:: DATA SEGMENT

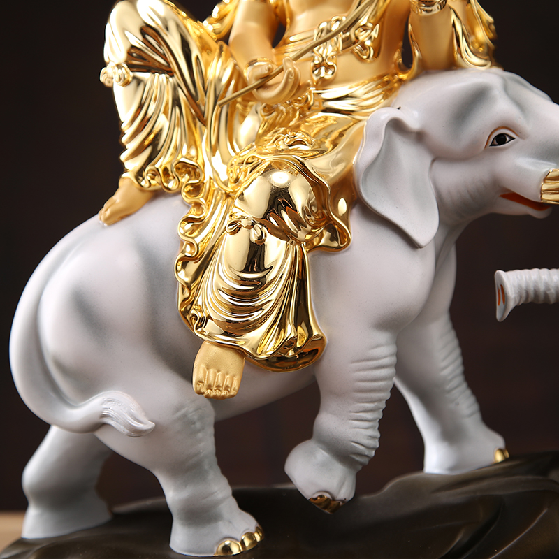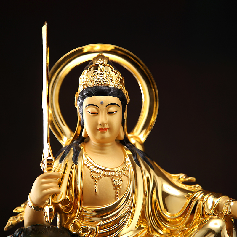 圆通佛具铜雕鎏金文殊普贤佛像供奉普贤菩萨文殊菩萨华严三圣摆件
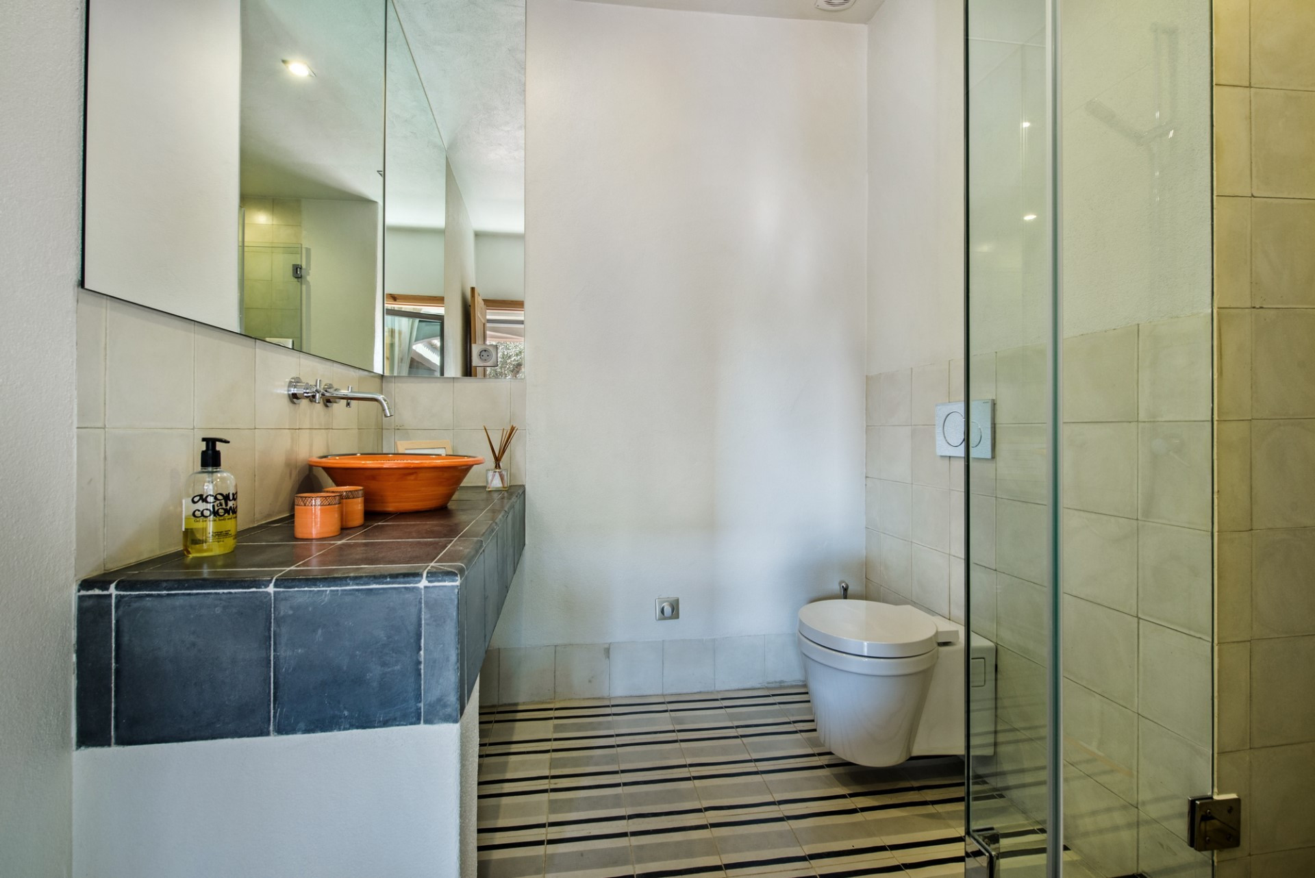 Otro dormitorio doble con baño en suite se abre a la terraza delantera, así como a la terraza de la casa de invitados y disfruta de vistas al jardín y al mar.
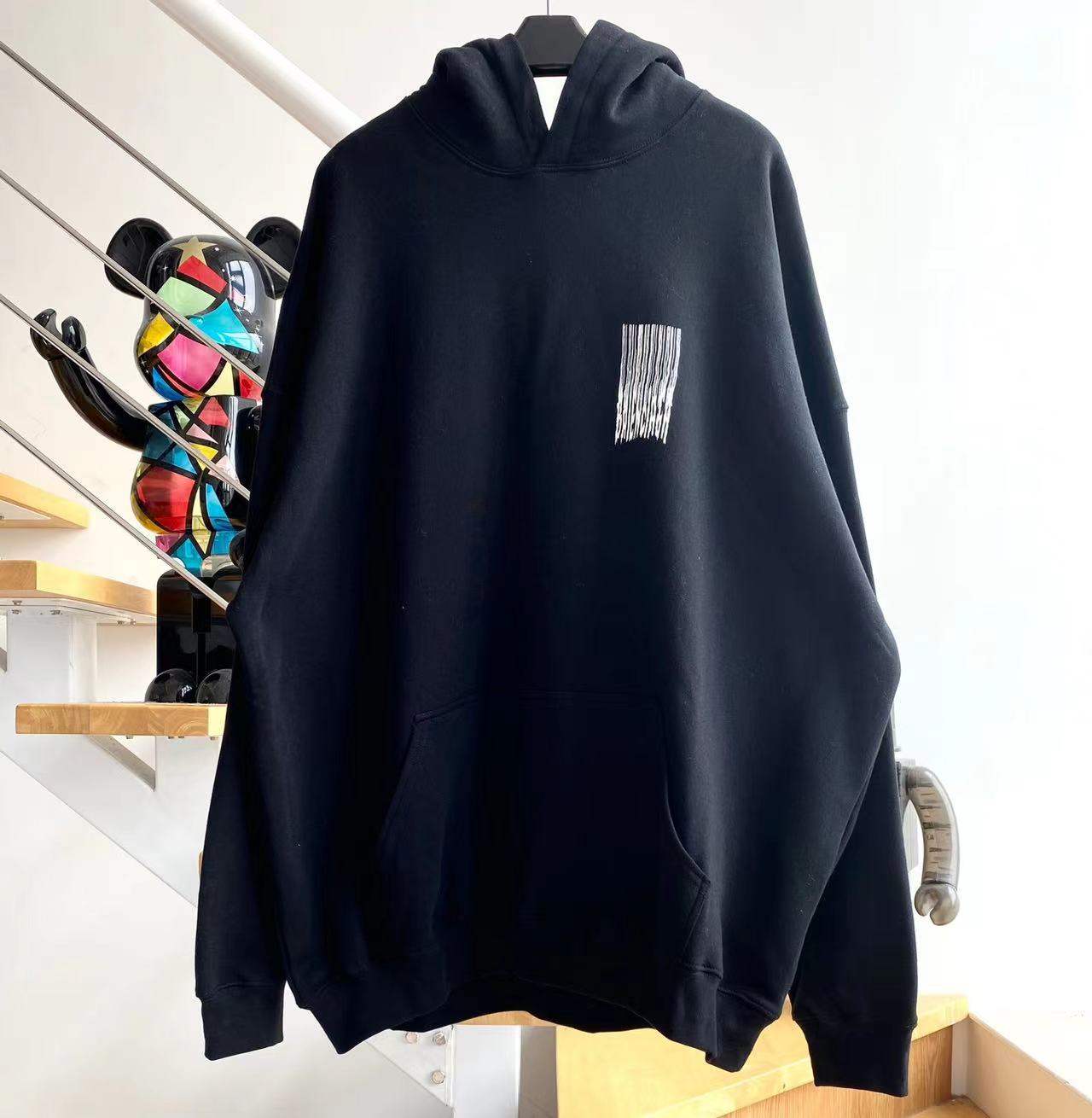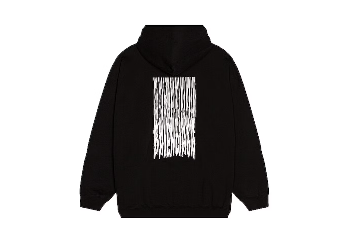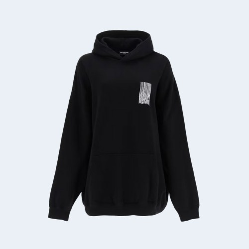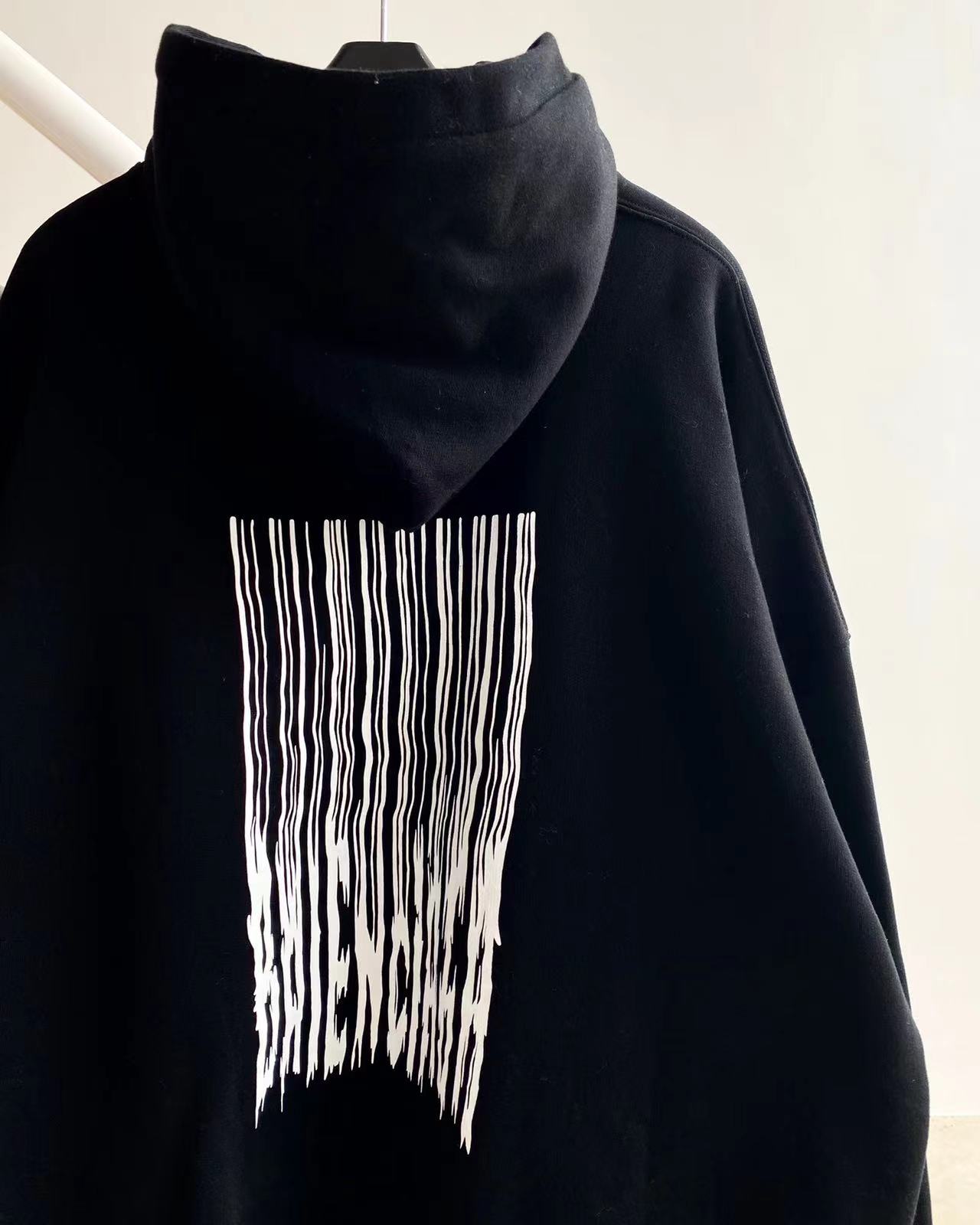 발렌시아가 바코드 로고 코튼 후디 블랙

::::

_THE TASK_
The answer is the full listing above, repeated exactly, with its pictures removed.

_EXERCISE RESULT_
 圆通佛具铜雕鎏金文殊普贤佛像供奉普贤菩萨文殊菩萨华严三圣摆件
 Otro dormitorio doble con baño en suite se abre a la terraza delantera, así como a la terraza de la casa de invitados y disfruta de vistas al jardín y al mar.
 발렌시아가 바코드 로고 코튼 후디 블랙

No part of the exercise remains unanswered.